⟨

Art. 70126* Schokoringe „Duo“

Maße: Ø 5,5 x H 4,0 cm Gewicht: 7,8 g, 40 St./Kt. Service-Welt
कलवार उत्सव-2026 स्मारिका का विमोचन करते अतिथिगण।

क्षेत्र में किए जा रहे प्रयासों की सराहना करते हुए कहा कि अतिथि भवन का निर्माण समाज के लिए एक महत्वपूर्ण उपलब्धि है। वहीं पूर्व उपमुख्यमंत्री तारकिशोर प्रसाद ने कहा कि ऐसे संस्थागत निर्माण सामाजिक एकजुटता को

⟩
⟨

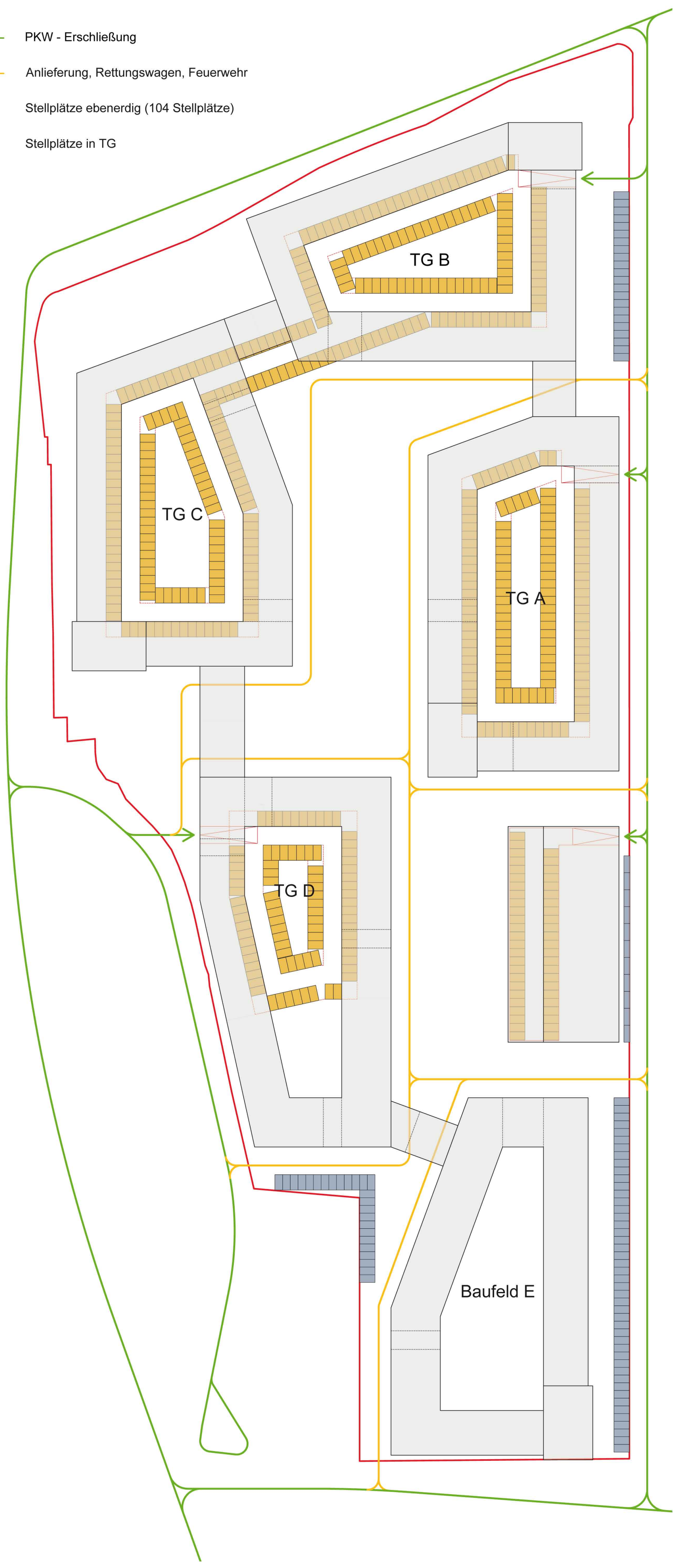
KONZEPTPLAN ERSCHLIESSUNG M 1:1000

⟩
⟨

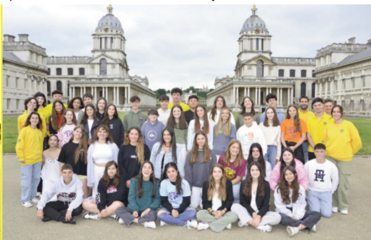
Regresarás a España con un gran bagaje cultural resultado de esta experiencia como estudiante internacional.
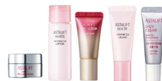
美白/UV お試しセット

⟩

### [EXERCISE BRIEF]
From the material above, set down exactly the lines between the line holding "Art. 70126* Schokoringe" and the line holding "क्षेत्र में किए", inclusive. Include nothing else.

### [SOLUTION FOR THIS EXERCISE]
Art. 70126* Schokoringe „Duo“

Maße: Ø 5,5 x H 4,0 cm Gewicht: 7,8 g, 40 St./Kt. Service-Welt
कलवार उत्सव-2026 स्मारिका का विमोचन करते अतिथिगण।

क्षेत्र में किए जा रहे प्रयासों की सराहना करते हुए कहा कि अतिथि भवन का निर्माण समाज के लिए एक महत्वपूर्ण उपलब्धि है। वहीं पूर्व उपमुख्यमंत्री तारकिशोर प्रसाद ने कहा कि ऐसे संस्थागत निर्माण सामाजिक एकजुटता को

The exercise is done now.